HOW TO COMPLETE THIS TASK
Transcribe the entries below exactly from their first line through the line containing "为深入贯彻落实习近平总书记对", and let no picture into the copy.

[Recorded data]

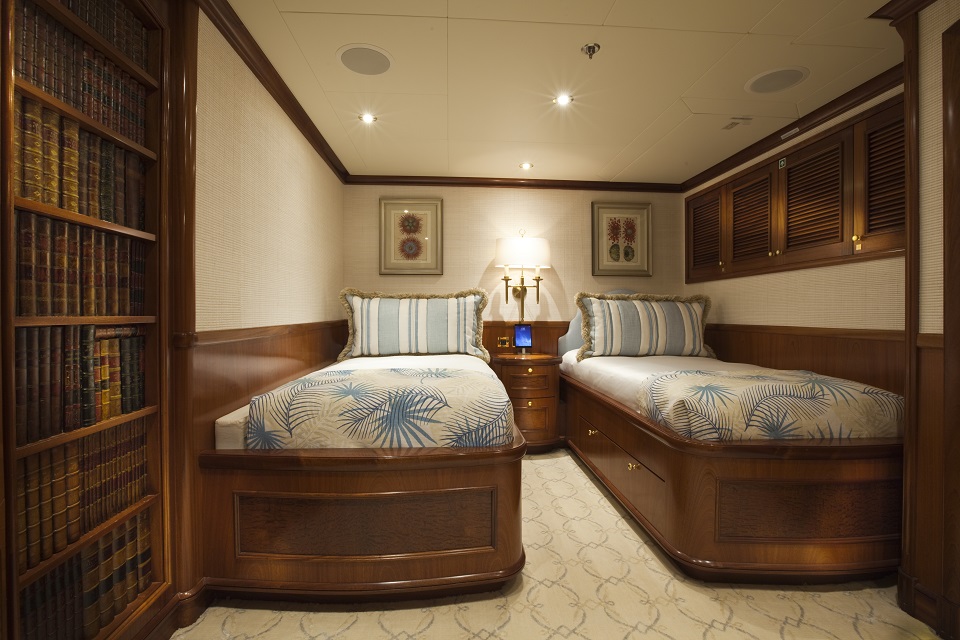 Below decks are the 2 Queen Guest staterooms and 2 Twin guest staterooms all with ensuite heads and showers. The VIP is situated privately on the sky lounge deck. All staterooms are equipped with CD/DVD and satellite entertainment systems.
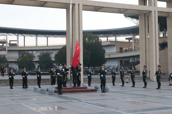 1月1日上午,必赢在秀山校区主教学楼广场举行升国旗仪式,迎接2021年新年的到来。安全保卫部、机械工程学院、建筑工程学院300多名师生代表驻立现场,共同观看庄严而神圣的升旗仪式。
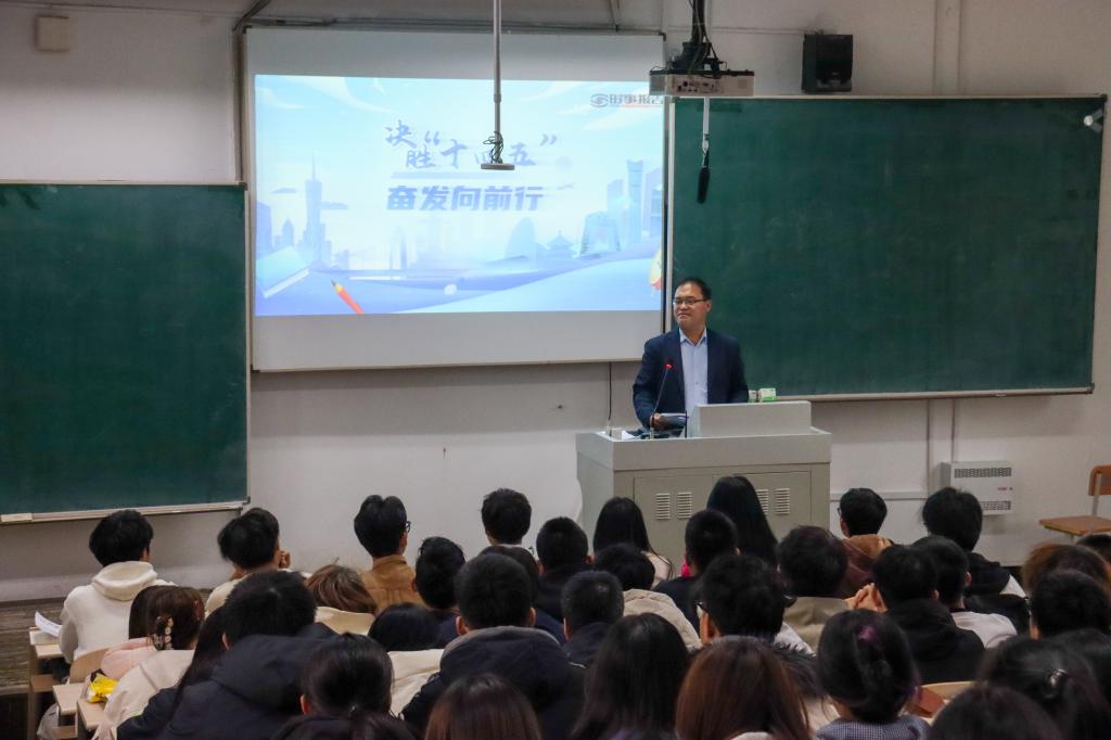 为深入贯彻落实习近平总书记对学校思政课建设的重要指示精神,进一步加强学校思想政治教育,10月27日下午,副校长井立强在2号楼400教室,为2025级数学专业全体学生讲授《决胜“十四五” 奋发向前行》专题思政课。
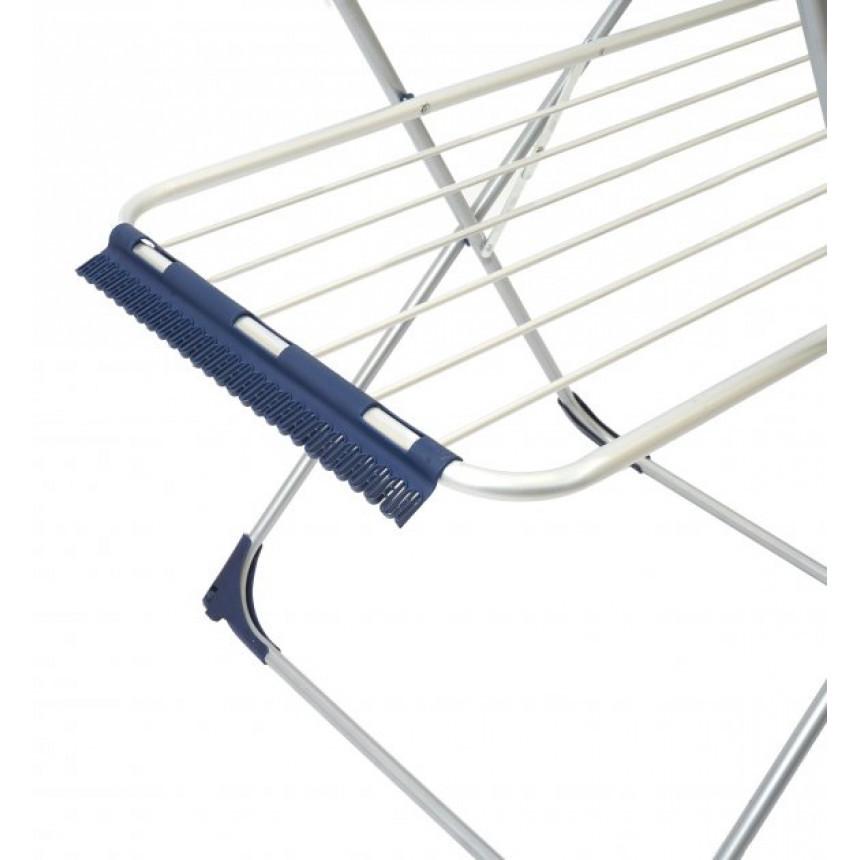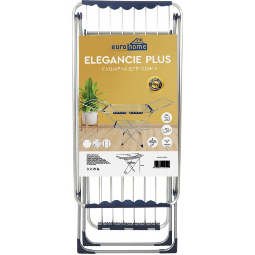Cушка для білизни Elegancie Plus 24 м ідеально підходить для використання в невеликих приміщеннях. Вона замінює 24 м мотузки для білизни, економить простір і забезпечує якісне і швидке висихання речей. Сушіння виконане з алюмінію з темно-синіми пластиковими елементами, підійде до будь-якого інтер'єру. Конструкцію можна використовувати вдома та на дачі. Конструкція складається з декількох елементів: з боків корпусу розміщені стулки або крила, які розкладаються в різні боки, а знизу є додатковий ярус для розвішування речей невеликого розміру, що збільшує робочу поверхню сушіння Elegancie Plus до 24 м.
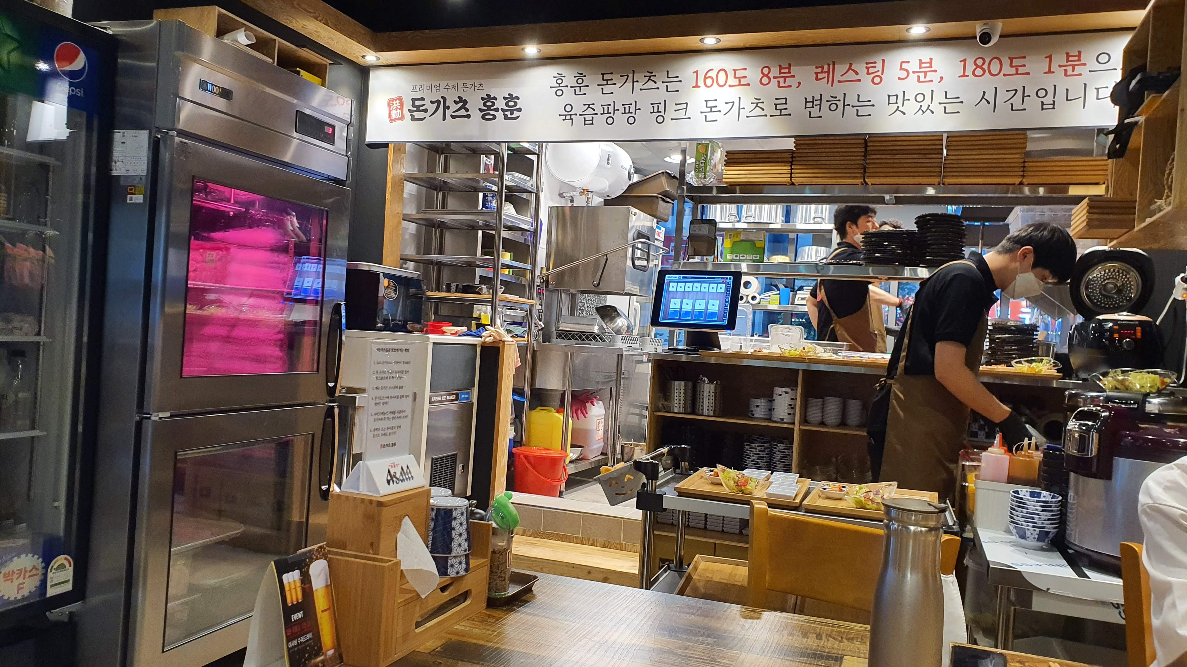 2층으로 올라겨면 정문이 나온다. 영업시간은 오전 11시부터 저녁 9시까지 당분간 매주 수요일 정기 휴무일. '돈가츠 홍훈' 처음 들어본 돈가스 전문점이다. 검색을 해보아도 그 어디에도 찾아볼 수 없다. 처음 사업을 시작하셨다면 정말 잘 되시기를 기원해본다. CGV 빌딩 2층에는 투썸플레이스가 있고 '돈가츠 홍훈'만 오픈이 되었다. 이전에도 한창 공사를 하더니 8월 초에 오픈을 했다. 백종원의 골목식당 초대박 맛집으로 거듭난 포방터 돈가스 집인 '연돈'과 같은 일본식 돈가스 전문점이다. 집 근처에도 돈가스 맛집 있기를 기대해보면서 들어갔다. 평일 금요일 저녁시간이었는데 테이블에 4팀 정도가 있었다.
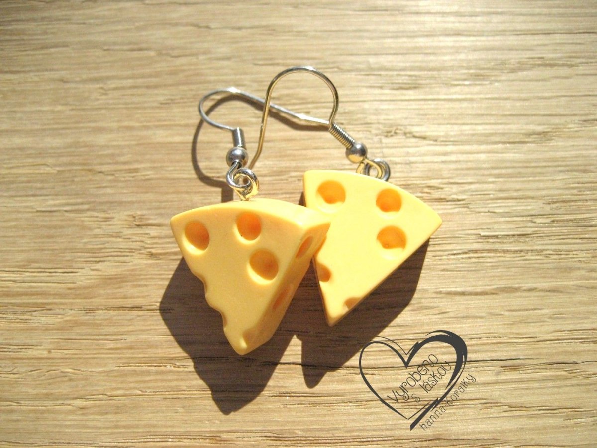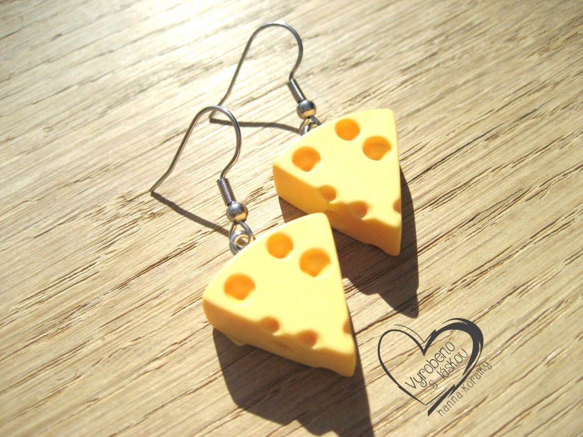 Vtipné a neobvyklé sýrové náušnice z pryskyřice - klínek tvrdého sýru - velikost motivu 2 x 2 cm + náušnicový háček z nerez oceli
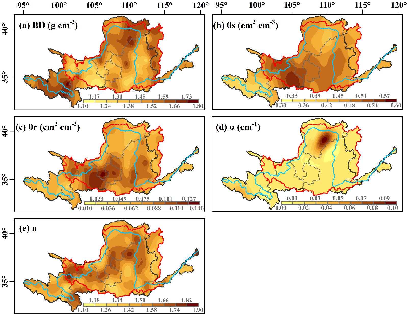 图2 黄河流域1–5 m剖面土壤水力参数空间分布

EXERCISE SOLUTION
 Below decks are the 2 Queen Guest staterooms and 2 Twin guest staterooms all with ensuite heads and showers. The VIP is situated privately on the sky lounge deck. All staterooms are equipped with CD/DVD and satellite entertainment systems.
 1月1日上午,必赢在秀山校区主教学楼广场举行升国旗仪式,迎接2021年新年的到来。安全保卫部、机械工程学院、建筑工程学院300多名师生代表驻立现场,共同观看庄严而神圣的升旗仪式。
 为深入贯彻落实习近平总书记对学校思政课建设的重要指示精神,进一步加强学校思想政治教育,10月27日下午,副校长井立强在2号楼400教室,为2025级数学专业全体学生讲授《决胜“十四五” 奋发向前行》专题思政课。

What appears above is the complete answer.